Sustainability 2019, 11(6), 1666; https://doi.org/10.3390/su11061666
Submission received: 27 February 2019 / Revised: 14 March 2019 / Accepted: 15 March 2019 / Published: 19 March 2019

Abstract

:
Trust relations are essential for effective interchanges in the financial markets. Investors (trustors), as well as other market participants, can only trust financial markets if they trust their auditors (trustees). In particular, the auditors’ assessment of the client’s financial condition and its ability to continue as a going concern is paramount to improving social capital and maintaining sustainable financial markets. Research shows that a going concern opinion may have immediate consequences for both the auditing profession and financial statement users. We use the Throughput Model to illustrate how different trust positions are aligned with a particular auditor’s decision-making pathway to enhance trust, distrust or no trust from the point of view of investors’ and creditors’.

1. Introduction

The main question posed in this paper inquires: Are financial information users’ decisions influenced by their trust in auditors’ opinions? Given the apparent relationship between auditors and stakeholders (such as creditors, investors, unions, regulators, interest groups), it seems paramount to understand in what manner trust can nurture or erode social capital when parties interact [1]. According to Putnam [2] (p. 167), social capital can be defined as “features of social organization, such as trust, norms, and networks, that can improve the efficiency of society by facilitating coordinated action.” Szczepankiewicz [3] (p. 319) argue that the value of social capital in organizations is rooted in mutual social relations and trust units, which thanks to it can achieve more social and economic benefits.
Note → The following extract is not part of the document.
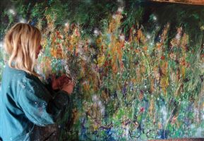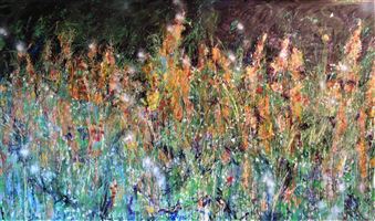 THIS WORK IS AN RECREATION OF THE NATURE PROCESS OF WILD GROWING. EVERY PLANT HAS OTHER MOVEMENTS IN THE WIND AND SHINE IN DIFFERENT LIGHTS. TO PAINTING ARE THROWN PLANTS AND OTHER MATERIALS FULL OF COLOR TO GET THE SAME PROCESS AS NATURE BUILD UP. THIS TAKES SEVERAL WEEKS AND THE RESULT IS MULTILAYERD AND COMPLES AS THE MEADOPW IS. FRIENDLY TO THE INSECTS AND BIRDS AS WELL AS TO THE EYES AND BRAIN.

Coleman [4] (p. 98) articulated that “like other forms of capital and human capital, social capital is not completely fungible but may be specific to certain activities. A given form of social capital that is valuable in facilitating certain actions may be useless or even harmful to others.”
The primary goal of the accounting profession is to enhance social capital by honoring public trust. Specifically, auditors contribute to society by assessing the truth and fair view of their clients’ financial statements [5,6,7]. In honoring public trust, auditors should act as the guardians of third parties’ interests rather than evaluate the consequences of their opinions in their relationship with their clients.
When suspicion arises that auditors are not providing reliable and relevant information to third parties, distrust may emerge [8]. Furthermore, if society believes that the auditor function is of little or no value, then trust can be eroded [9,10,11]. In this paper, we share the view that trusting and distrusting cannot be understood as the opposite ends of a continuum [8,9,10,11,12]. Accordingly, we argue that the very complexity of the trustworthiness in auditors’ function relies on simultaneous high levels of trust-distrust relations [8].
Although some previous research investigates the association between trust and reputation of different parties [13,14,15], research on the link between auditors and society is lacking [16,17]. In this paper, we focus on auditors’ going concern opinions, probably the hardest and more controversial task for this profession [18]. A going concern opinion is a powerful warning signal that might negatively influence investors and other stakeholders in terms of credit re-allocation. However, previous literature shows that auditors face trust dilemmas and potential economic and non-economic incentives influencing their decisions, such as the possibility of being fired by their own clients [7].
To illustrate this phenomenon, we use the Throughput Model [19,20] to demonstrate how different trust positions are aligned with a particular decision-making pathway to enhance trust, distrust or no trust. Particularly, we discuss six dominant trust positions taken from Kramer [21]: a rational choice, rule-based trust, category-based trust, third parties as conduits of trust, role-based trust, and history-based trust/dispositional-based trust, and apply them to the auditors’ going concern opinion. Because of the essential role played by auditors, we argue that a better understanding of the aforementioned trust/distrust positions will contribute to improving social capital and maintaining sustainable financial markets. This is important since financial sustainability is the foundation upon which both social and environmental sustainability rest [22].
The next section deals with trust definitions, followed by a section devoted to explaining the institutional trust nature between auditors and primary stakeholders, such as stockbrokers, shareholders, financial institutions, employees, and society. This section is followed by how the decision-making model, The Throughput Model, is related to the dominant determinants of six trust positions. Then, the case of the author’s opinion about the going concern evaluation and the six trust decision pathways are discussed. Lastly, we provide our conclusions and implications.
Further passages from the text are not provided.